----- Data for the task -----
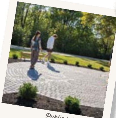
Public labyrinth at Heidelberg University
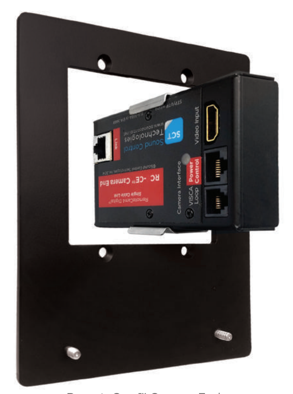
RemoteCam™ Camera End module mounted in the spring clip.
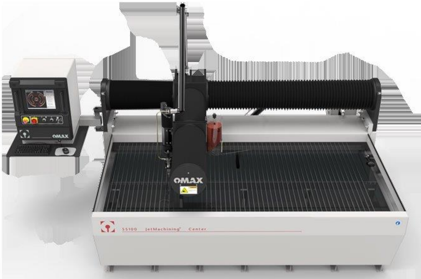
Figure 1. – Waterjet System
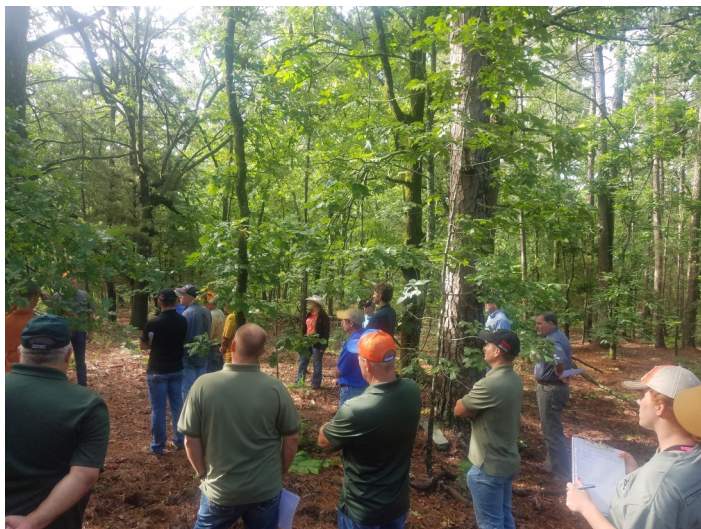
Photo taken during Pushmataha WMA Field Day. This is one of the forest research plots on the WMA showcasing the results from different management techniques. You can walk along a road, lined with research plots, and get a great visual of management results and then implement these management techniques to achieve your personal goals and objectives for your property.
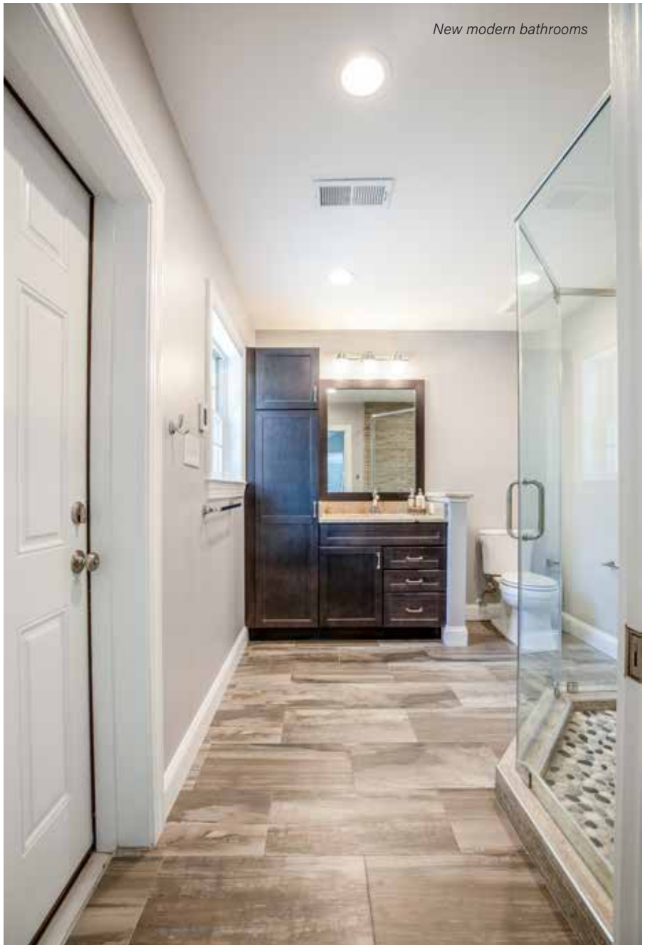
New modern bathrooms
-----
Your task:
Every record above should reappear exactly, with the pictures gone.

Your response:
Public labyrinth at Heidelberg University
RemoteCam™ Camera End module mounted in the spring clip.
Figure 1. – Waterjet System
Photo taken during Pushmataha WMA Field Day. This is one of the forest research plots on the WMA showcasing the results from different management techniques. You can walk along a road, lined with research plots, and get a great visual of management results and then implement these management techniques to achieve your personal goals and objectives for your property.
New modern bathrooms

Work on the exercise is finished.